Task description:
Reproduce the listing that follows in full. Omit its images.

Stored data:
● ● ● ● ●

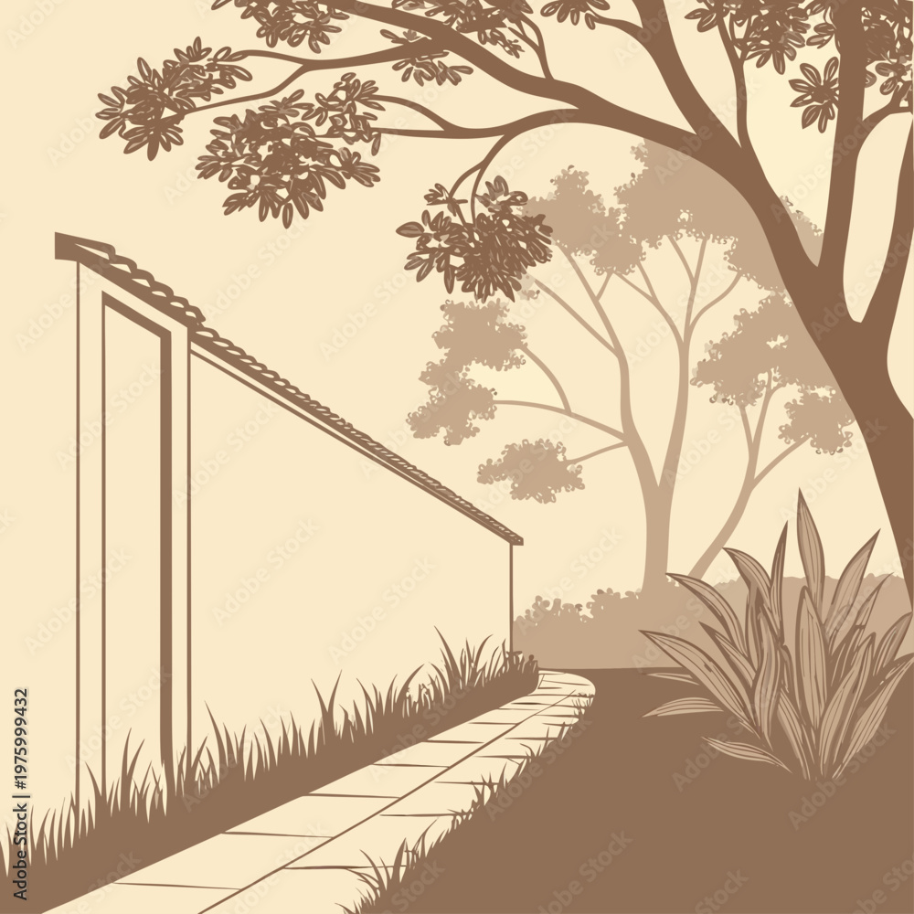 A minimalist vector illustration of a serene garden pathway leading to a simple building surrounded by trees and plants #1975999432
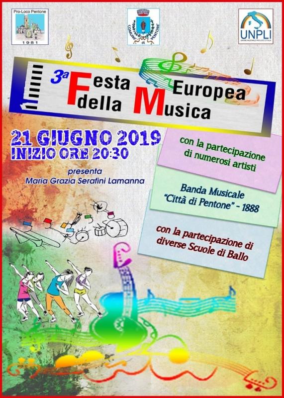 A Pentone in provincia di Catanzaro si svolge nella giornata di Venerdì 21 Giugno 2019 la terza edizione della Festa Europea della Musica.
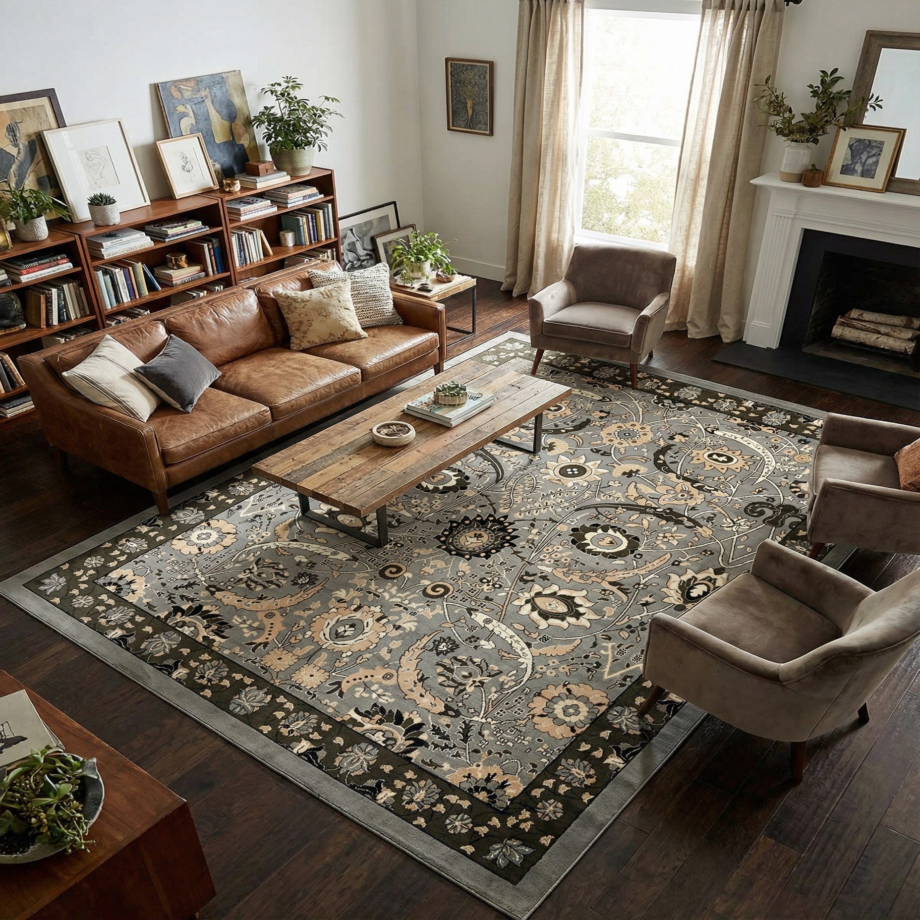 Given its blend of neutral and dark tones, this rug is versatile enough to complement a variety of interior styles. Its timeless pattern makes it well-suited for traditional settings, while the contemporary color scheme allows it to seamlessly integrate into modern and transitional decors as well. This rug would be well-placed in a formal living room, dining area, or under a master bed, providing a foundation of elegance and an anchor for your design palette.

● ● ● ● ●

Worked solution:
 A minimalist vector illustration of a serene garden pathway leading to a simple building surrounded by trees and plants #1975999432
 A Pentone in provincia di Catanzaro si svolge nella giornata di Venerdì 21 Giugno 2019 la terza edizione della Festa Europea della Musica.
 Given its blend of neutral and dark tones, this rug is versatile enough to complement a variety of interior styles. Its timeless pattern makes it well-suited for traditional settings, while the contemporary color scheme allows it to seamlessly integrate into modern and transitional decors as well. This rug would be well-placed in a formal living room, dining area, or under a master bed, providing a foundation of elegance and an anchor for your design palette.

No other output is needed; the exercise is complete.